Do humans still possess the genes for gills?
I’ve heard that human embryos develop slits that resemble gills, but that these disappear long before the person is born. I’ve also heard that humans still possess the genes for gills, but these genes are never activated. Is this true? If these genes were somehow turned on, would it be possible for humans to breathe underwater, or would it also require other huge changes to things like the lungs?
One Response
Cal King
21 Nov 2009


Human embryos develop gill slits, but then development stops and gills never become fully developed. Even if we still possess the genes that encode fully developed gills, they may have degenerated.
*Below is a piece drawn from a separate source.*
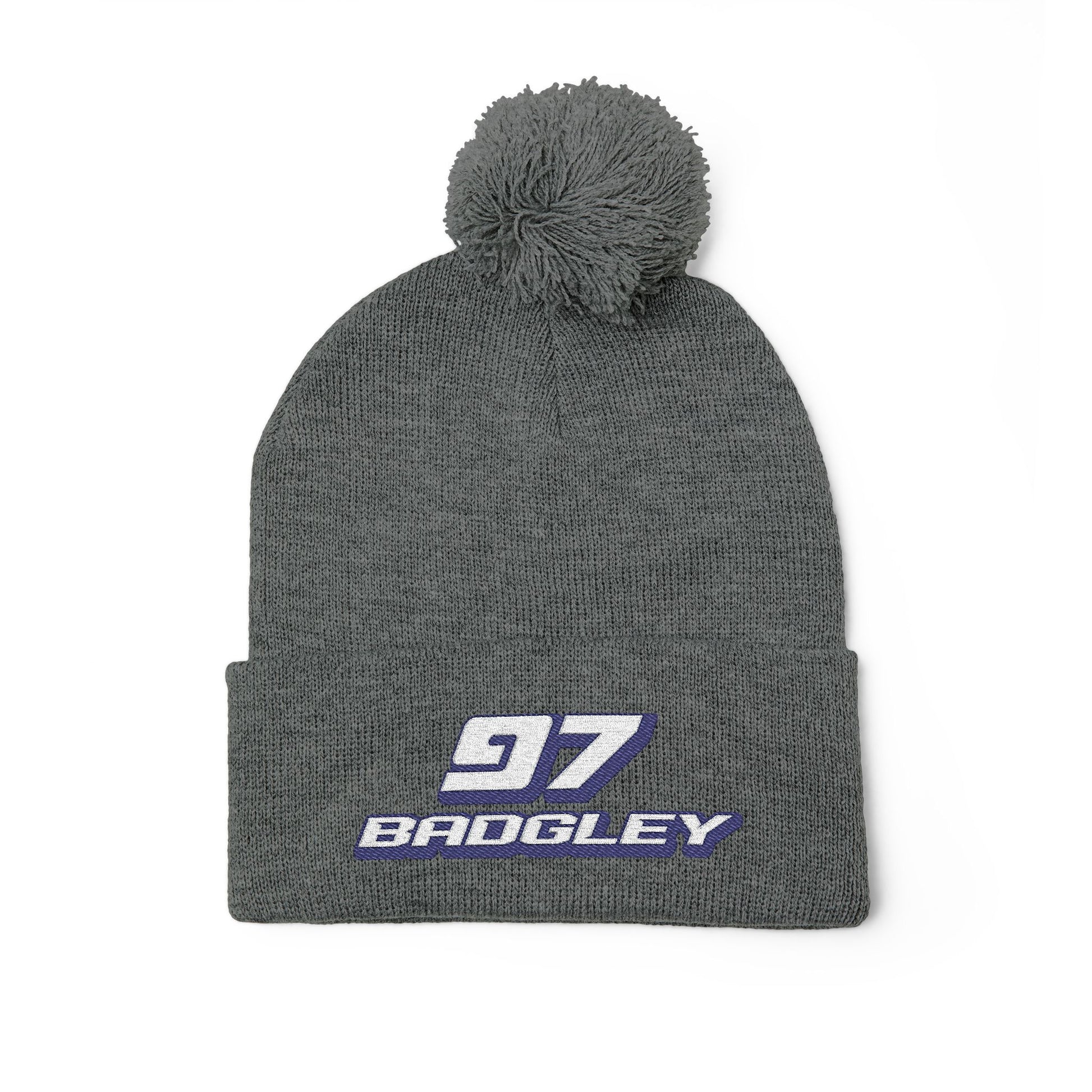 Turn up the heat this winter with Kendra Badgley’s #97 Pom Beanie. Vibrant hot pink and topped with a large, fluffy pom-pom, this cozy knit features a double-layer ribbed cuff for a snug, ear-covering fit. Bold racing-inspired embroidery showcases “97” in white with navy accents and “BADGLEY” in white with navy outline, radiating track-ready energy. Perfect for fans and drivers alike, this beanie blends warmth, motorsport attitude, and standout style—ideal for track days or street-ready winter flair.

In animals that have fully functional gills, these genes are highly conserved because of natural selection. Any deleterious mutation that would result in non-functional gills would then be weeded out. The same mutations, if it happens to a human’s gill gene, would have no effect on survival because natural selection cannot act upon the genes, only their products. Therefore practically any nucleotide change would be neutral, confering neither an advantage nor a disadvantage to the individual. A neutral molecule is a systematist’s best friend, because they change in a clock-like manner, and they can be used as molecular clocks to determine relationships. Since humans evolved from land animals that have been free of the water for over 3 hundred million years, even if we still possess the genes for gills, chances are that they have accumulated so many nucleotide substitutions they would not be functional.
In short, there is practical no chance for humans to ever develop gills even if we still have the genes, because they have undergone so much mutation over 300 million years.